One year ago I completed treatment for stage three breast cancer. When I left the hospital the day of my last dose of radiation, my sister rang to congratulate me on having got through what was an horrific nine months: multiple surgeries, chemotherapy, radiation, hospital stays and sickness. She asked if I was going to celebrate ... and I burst into tears. Just when I was expected to feel ecstatic, I felt lost and confused. Did I have cancer that morning when they strapped me into the radiation machine, and that afternoon I didn't? I'd been a cancer patient for close to a year. Who was I now?
It sounds counter-intuitive but I was more afraid at that moment than at any point since my diagnosis. Was I completely insane? When I spoke to my lovely and always patient oncologist, he said not. Indeed, what I was feeling was common. It seems anxiety, even depression, often follow the heady days of treatment.

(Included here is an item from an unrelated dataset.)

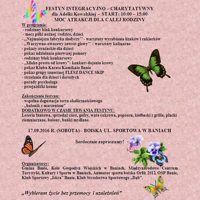 W dniach 9-11 września 2016 r. odbyły się Targi Rolne "AGRO POMERANIA 2016". Podczas targów można było obejrzeć bogate oferty handlowe producentów maszyn rolniczych, przetwórstwa rolno-przemysłowego oraz sektora budowlanego. Odbyły się również prezentację oraz pokazy zwierząt hodowlanych, Regionalna Wystawa Bydła Mlecznego, ptaków hodowlanych ozdobnych, królików, gołębi, koni. W tym roku Gmina Banie również posiadała swoje stoisko, na którym promowano naszą gminę rozdając foldery turystyczne, gadżety promocyjne oraz udzielając informacji na temat m.in.: działek nad jeziorem Dłużec przeznaczonych do sprzedaży.
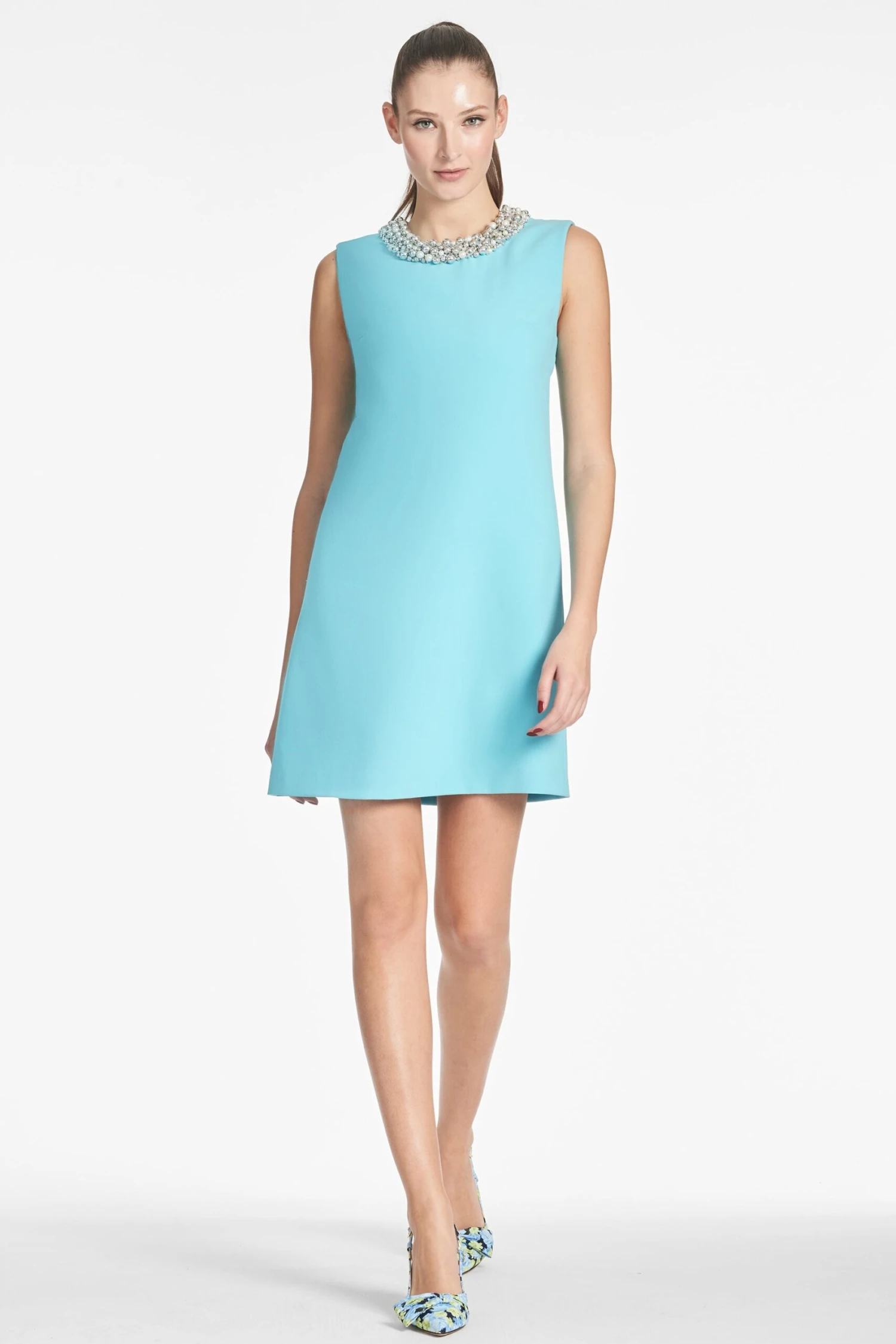 Palm Beach calling… It doesn’t get much cuter than the Liz. She’s our sleeveless mini dress in Swiss Blue sure to make a statement. Made of thick stretch crepe with pearl, and silver bead embellishment at the collar, this one can be dressed up or down all year long.

This period, I would argue, is one of the most misunderstood stages of the cancer journey.
During treatment I was completely focused on fighting the disease. Surrounded by those whose job it was to help me take on the cancer, I was too busy being sick to think about dying. Now I'd see my doctors (all going well) only every three months and I was terrified. Having leaned heavily on my family and friends throughout the previous year, I was also self-conscious about sharing this new crisis with them. Surely they were tired of hearing about my physical aches and pains; how could I tell them the mental anguish had seemingly just begun?
There is no test to definitively establish the cancer is gone. There is a chance it will come back and, if it does, it could be in another part of my body. With stage three breast cancer, the probability of recurrence is about 50 per cent (depending on the source of the statistics and the type of cancer in question). We hope we've killed it all but there is no way to know for certain. So I watch, a penny spinning in the air. I try not to fixate on it but that's hard and I'm not alone. For many cancer patients "recurrence anxiety" is one of the most difficult parts of post-treatment life.
Sitting alongside this psychological challenge is the ongoing physical reality. This too can be hard for the people around me. They want the nightmare to be over, for everything to go back to "normal" and so do I, but there are multiple hurdles to clear. Cancer patients are really knocked around by the various procedures we've endured. Many of us cope with painful scaring, nerve damage, digestive problems, fatigue, lymphedema, even cognitive issues; all of which may go on for months, even years.